Finding anomaly using statistical distributions I am trying to find if a particular genre of books is more popular with people of a particular region of the world. I have data for the readership of a set of books of different genre corresponding to different countries of the world. It is essentially sales of the book.
Suppose there are N genres. I am interested in a particular genre and wish to determine if this genre's readership is different from the 'mean' readership. How could determine the mean distribution of readership across all genres? Then the distribution of the readership of a particular genre. And then compare them mathematically and determine if there is a difference.

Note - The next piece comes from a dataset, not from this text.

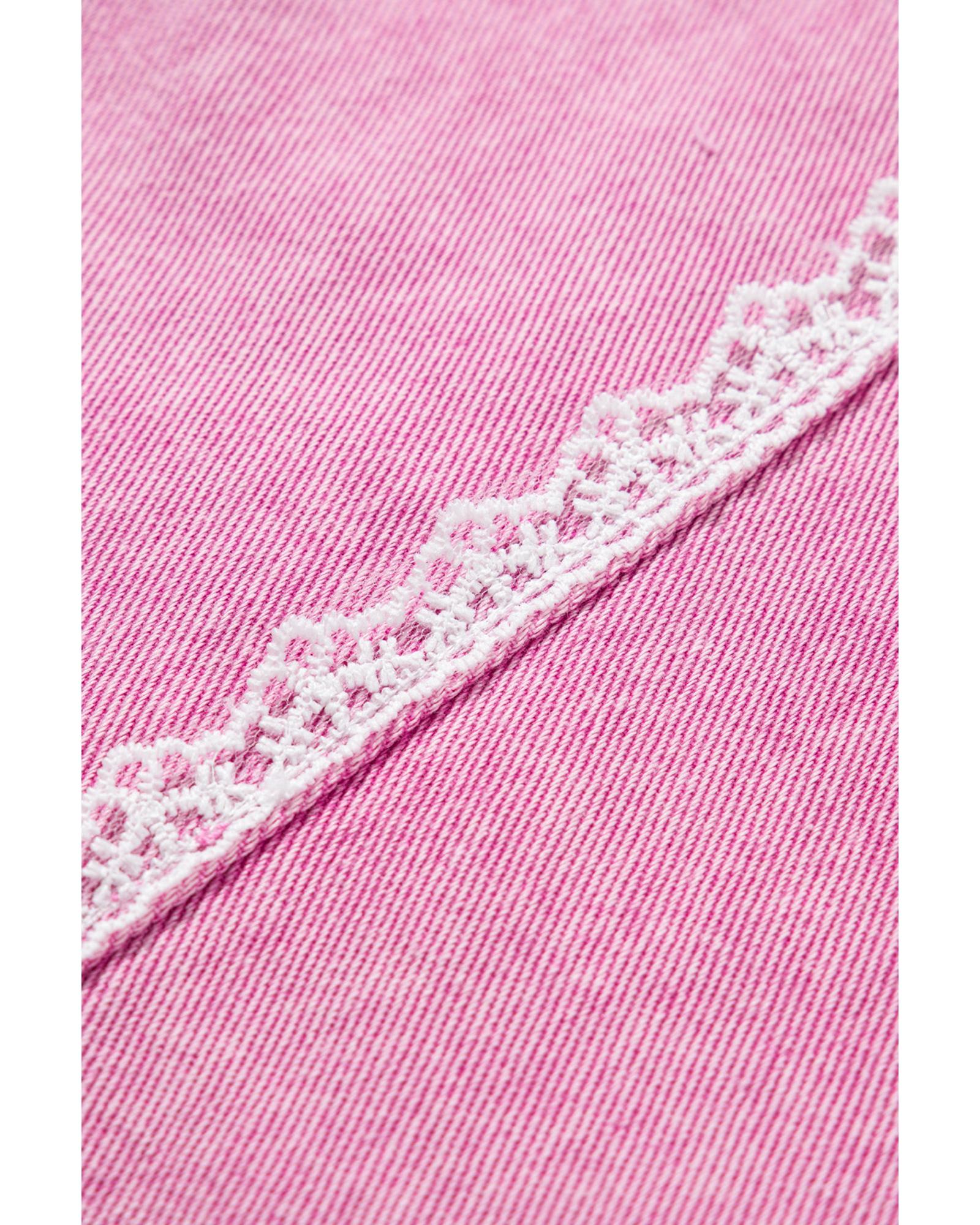 - Pink Lace Patchwork Distressed Buttoned Denim Jacket

I wish to make a conclusion in the lines of This genre is more popular in these set of countries with a confidence value.
Another related question is, what is the method for determining if the data points I have are enough to do this analysis.

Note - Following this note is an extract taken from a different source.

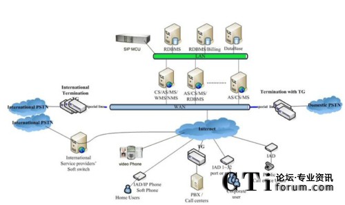 計(jì)費(fèi)系統(tǒng)將把視頻通話和普通的語音通話分開來計(jì)費(fèi),視頻會(huì)議業(yè)務(wù)也可以作為一項(xiàng)特殊業(yè)務(wù)單獨(dú)計(jì)費(fèi)。所有這些業(yè)務(wù)都使用相同的計(jì)費(fèi)和OAM系統(tǒng)。在這個(gè)運(yùn)營商級軟交換系統(tǒng)中,已經(jīng)把視頻業(yè)務(wù)完全集成進(jìn)了系統(tǒng)。下面是網(wǎng)絡(luò)示意圖:

If there is some other line of thought to arrive at the desired conclusion (or the lack of it), I am keen on knowing about it.
 A: One approach would be to use a chi-square test.
To do this, you would estimate the overall distribution of sales in various genres from all of the data. For example, say your data revealed this distribution:
Non-fiction science/industry: 20%
Cookbooks: 35%
Speculative fiction (sci-fi, fantasy, etc.): 25%
Crime fiction: 10%
Other fiction: 10%

You then get data of 15,000 sales from Lostralia with a different distribution:
Non-fiction science/industry: 25%
Cookbooks: 25%
Speculative fiction (sci-fi, fantasy, etc.): 35%
Crime fiction: 10%
Other fiction: 5%

How to assess if this is significantly different from the overall distribution? Compute the $\chi^2$ test statistic:
$$
X^2 = N \sum_{i=1}^5 \frac{(\textrm{observed freq.} - \textrm{expected freq.})^2}{\textrm{expected freq.}}.
$$
The $X^2$ test statistics is a $\chi^2$ variable with 4 degrees of freedom (because once you know the first four frequencies, you know the fifth).
In this example, our $X^2$ test statistic is
$$
\begin{align}
X^2 &= 15000\left(\frac{(0.25-0.20)^2}{0.20}+\frac{(0.25-0.35)^2}{0.35}+\frac{(0.35-0.25)^2}{0.25}+\frac{(0.10-0.10)^2}{0.10}+\frac{(0.05-0.10)^2}{0.10}\right) \\
&= 15000 \cdot 0.10607 = 1591.07
\end{align}
$$
Perhaps you only care about cookbooks. In that case, collapse all the other genres into an "everything else" category and compute $X^2$ (now 1 degree of freedom) for that:
$$
\begin{align}
X^2 &= 15000\left(\frac{(0.25-0.35)^2}{0.35}+\frac{(0.75-0.65)^2}{0.65}\right) \\
&= 15000 \cdot 0.04396 = 659.34
\end{align}
$$
You don't need to run $R$ and type 1-pchisq(659.34, df=1) to guess that this is highly significant. Unfortunately, with any reasonably large amount of sales data you are likely to conclude a difference from the overall distribution of sales.
However, since you plan on doing multiple comparisons (which countries are different from the overall distribution), you could do a Bonferroni correction on what is an acceptable $p$-value by dividing it by the number of countries $c$ you check. So if $c=5$ you would conclude 5% significance if $p\leq 0.01$.
One weakness of this approach is also taking the overall distribution of sales as though it has no uncertainty. I suppose you could use the uncertainty of that overall distribution to simulate possible distributions, compute $X^2$ test statistics, and then find a way to combine those test statistics to get a better test statistic.